Isso se materializa, por exemplo, nas (“necessárias”) conversas pessoais antes de começar uma reunião, na ocupação do espaço do outro (nos comuns contatos físicos) e até em nossa (velada) dificuldade em separar o que é profissional do que é pessoal.

4. Ajustar o alcance da visão.

O brasileiro tende a ter uma visão de negócios focada no curto prazo. “Queremos fechar negócio, fazer movimentos rápidos”, diz. “Enquanto na cultura oriental, por exemplo, as pessoas não fazem negócios com quem não conhecem”.

Por outro lado, tendo em vista as condições do mercado no Brasil, aprende-se desde cedo que, muitas vezes, é preciso improvisar.
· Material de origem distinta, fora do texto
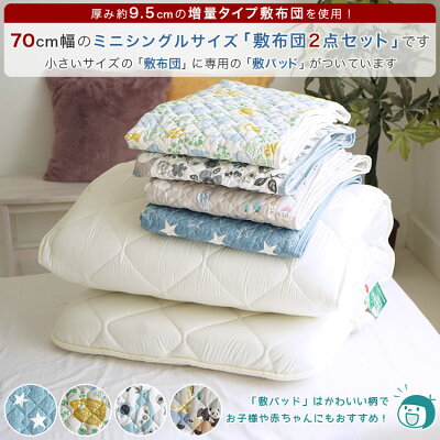 合わせて使える同サイズの ▼「敷布団カバー」はこちら▼ 通常タイプの敷布団 2点セット ▼ベビーからジュニアまで使える「トドラーサイズ」 ▼「小さいサイズの敷布団」シリーズ中身増量タイプ 70cm幅サイズのミニシングル敷き布団用 敷き布団 2点セット ボリュームタイプ ・防ダニ 敷き布団(ミニシングルサイズ : 70×200cm) ・綿100% 敷パッド (ミニシングルサイズ: 70×200cm) マンションなどの省スペースの収納にも便利な 当店で人気の70cm幅ミニシングルサイズの「敷布団」に 専用の「敷きパッド」をお付けした2点セット! 急な来客用や、届いたその日からすぐにお布団を使いたい! という方にもオススメです。

Com isso, apesar de não elaborar planos rígidos, por exemplo, o brasileiro tende a guardar na manga um plano B. “Ou C ou D”.

5. Buscar exceções – o tempo todo.

“Nosso cotidiano é repleto de exceções”. É o código de conduta que não é seguido à risca; a lei que, na prática, “não é bem assim” e por aí vai. “Aos amigos tudo, ao inimigo a lei”.
Isso não é válido em outras culturas. “Tendemos a ser indisciplinados, precisamos trabalhar com regras rígidas para que o "jeitinho" seja controlado”.

Quando em contato com outras linhas corporativas, o brasileiro, além de ler, precisa seguir o manual – sem criar atalhos.

6. Não andar no ritmo dos ponteiros.

Uma consequência desta cultura de flexibilidade é a maneira como lidamos com o tempo. Atrasos fazem parte da rotina de muitas corporações por aqui. Quantas vezes, por exemplo, você foi pontual e teve que esperar alguns bons minutos para que a reunião começasse?

Em outros países ou culturas, esta rotina é quase um insulto. E não levar isso em conta quando você trabalha em equipes multiculturais pode ser danoso para a sua própria carreira.